Your task is to restate word for word the lines in the material below, from the one with "Поздравляю с освобождением" up to and including the one with "Left Hand Facing". Do not carry over the pictures.

--- Task inputs ---

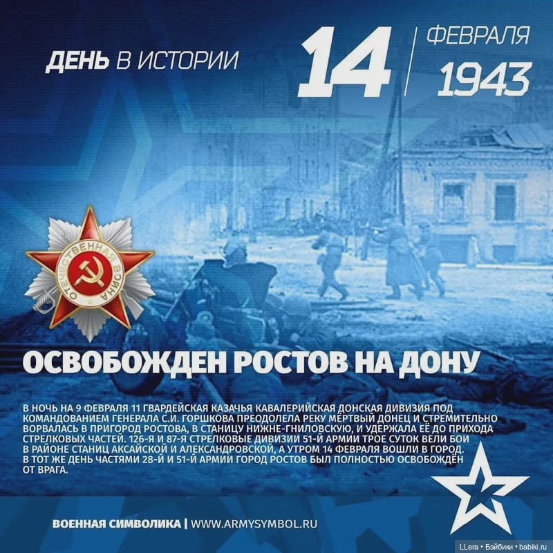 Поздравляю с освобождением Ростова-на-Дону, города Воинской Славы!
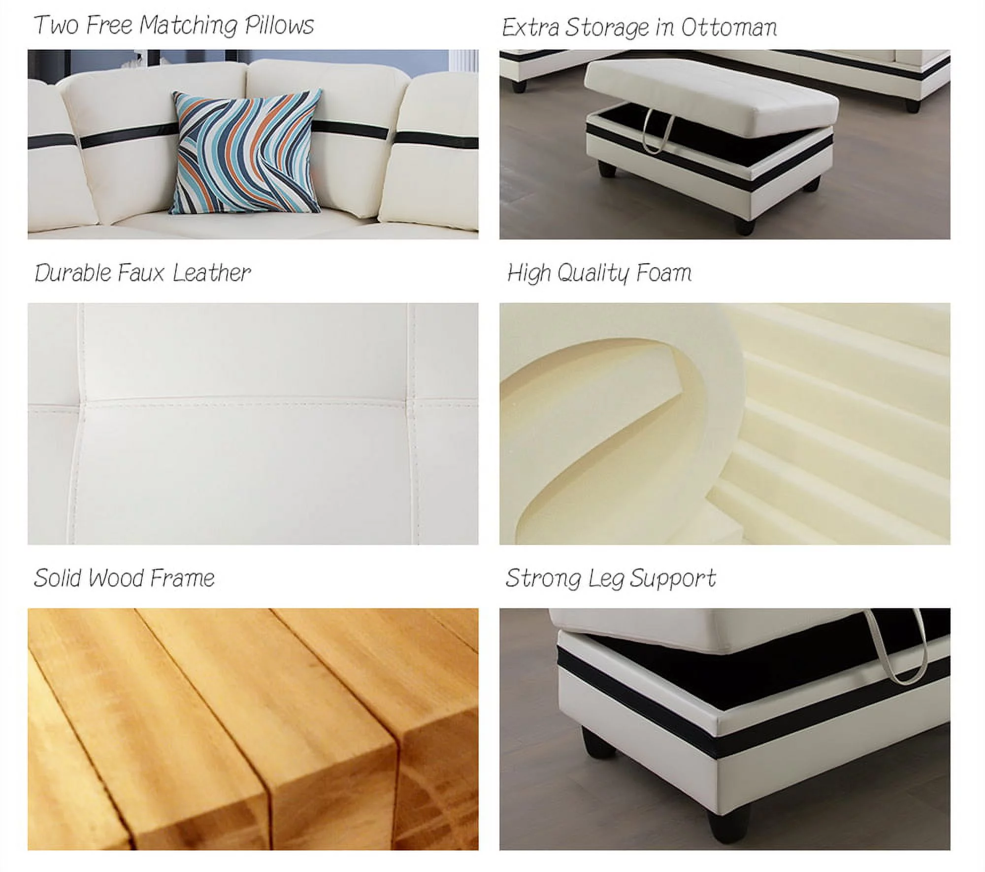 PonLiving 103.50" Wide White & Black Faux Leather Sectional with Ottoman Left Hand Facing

---
--- Task inputs ---

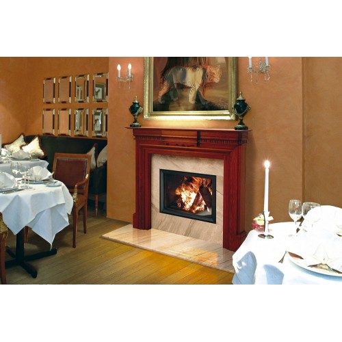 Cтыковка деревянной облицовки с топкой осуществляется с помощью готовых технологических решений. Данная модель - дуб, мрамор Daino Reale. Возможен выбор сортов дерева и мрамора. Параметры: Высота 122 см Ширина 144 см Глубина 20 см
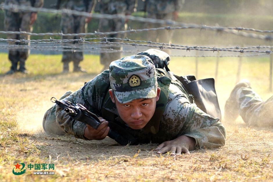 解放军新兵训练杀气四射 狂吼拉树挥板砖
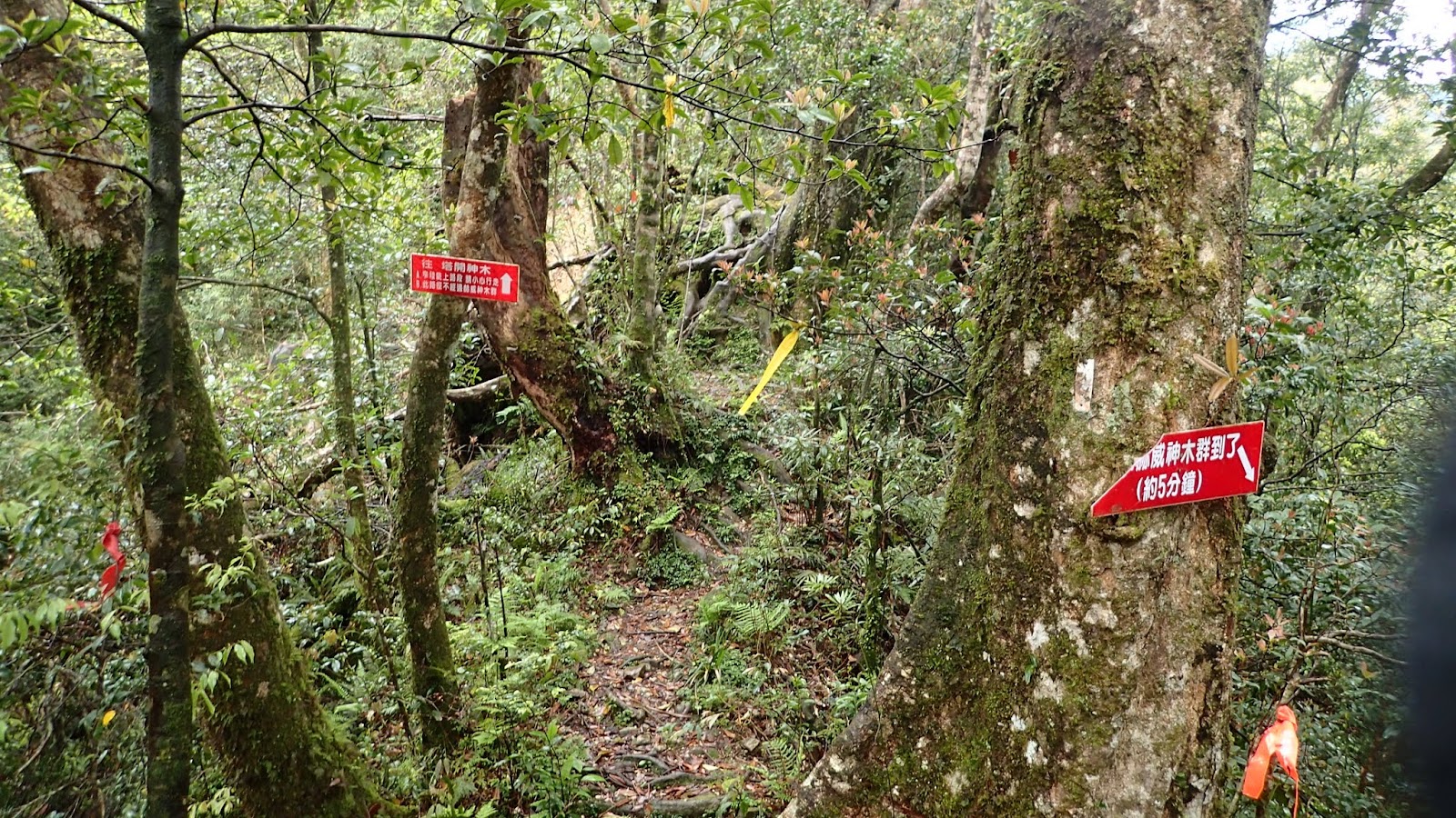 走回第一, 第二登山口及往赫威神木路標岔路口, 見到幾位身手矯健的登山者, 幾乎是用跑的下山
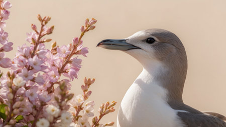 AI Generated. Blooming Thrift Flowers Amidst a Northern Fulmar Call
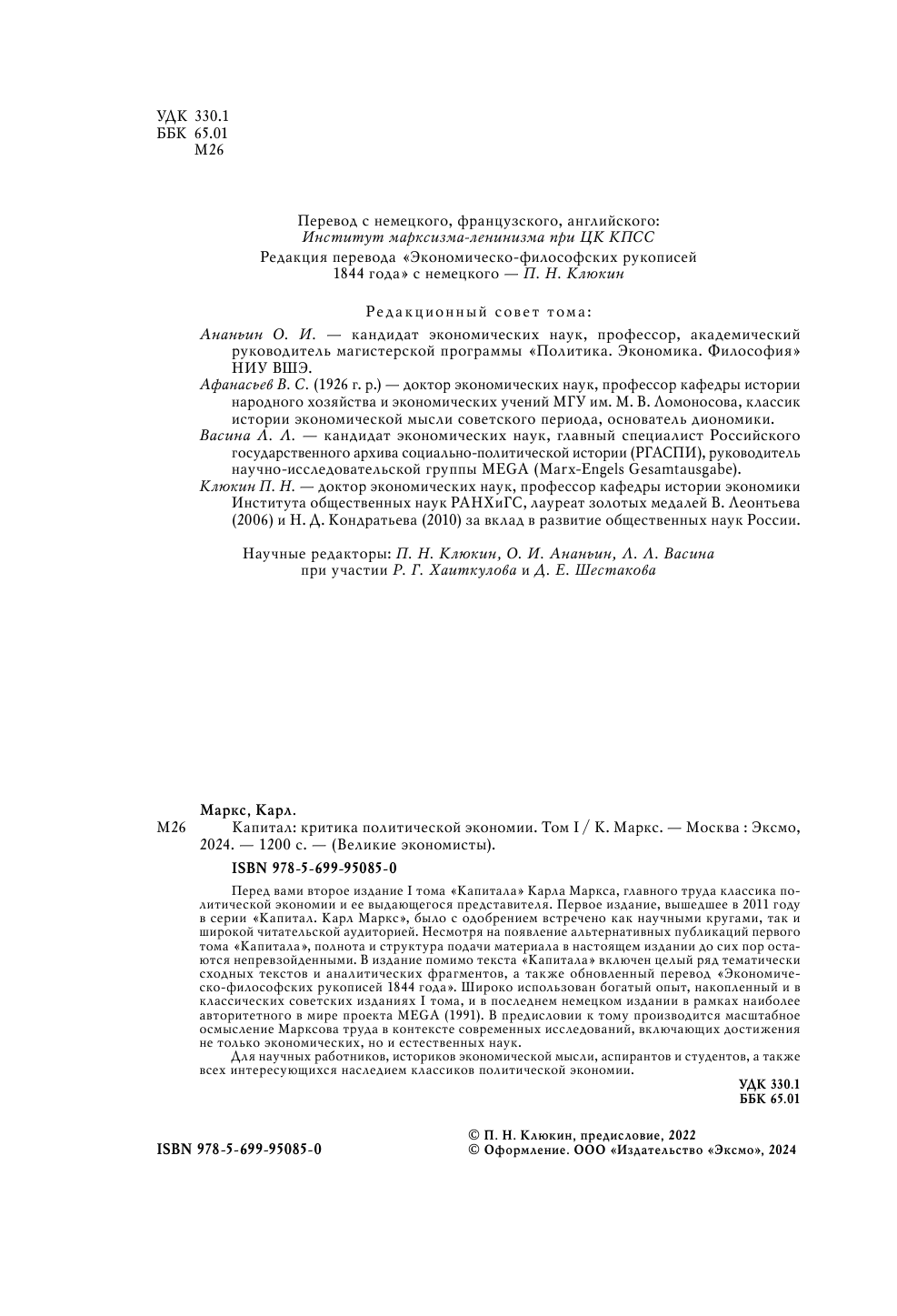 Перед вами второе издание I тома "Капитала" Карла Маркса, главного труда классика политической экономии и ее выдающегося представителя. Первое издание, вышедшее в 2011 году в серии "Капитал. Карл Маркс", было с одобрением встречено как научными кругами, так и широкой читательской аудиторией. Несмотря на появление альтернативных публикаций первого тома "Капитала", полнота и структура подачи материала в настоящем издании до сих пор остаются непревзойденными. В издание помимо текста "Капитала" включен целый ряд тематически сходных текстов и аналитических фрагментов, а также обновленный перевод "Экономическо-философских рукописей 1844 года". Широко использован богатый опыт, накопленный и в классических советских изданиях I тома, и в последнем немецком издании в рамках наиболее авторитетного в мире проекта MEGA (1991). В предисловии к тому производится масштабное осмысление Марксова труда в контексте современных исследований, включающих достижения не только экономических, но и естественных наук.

---

* Exercise answer *
 Поздравляю с освобождением Ростова-на-Дону, города Воинской Славы!
 PonLiving 103.50" Wide White & Black Faux Leather Sectional with Ottoman Left Hand Facing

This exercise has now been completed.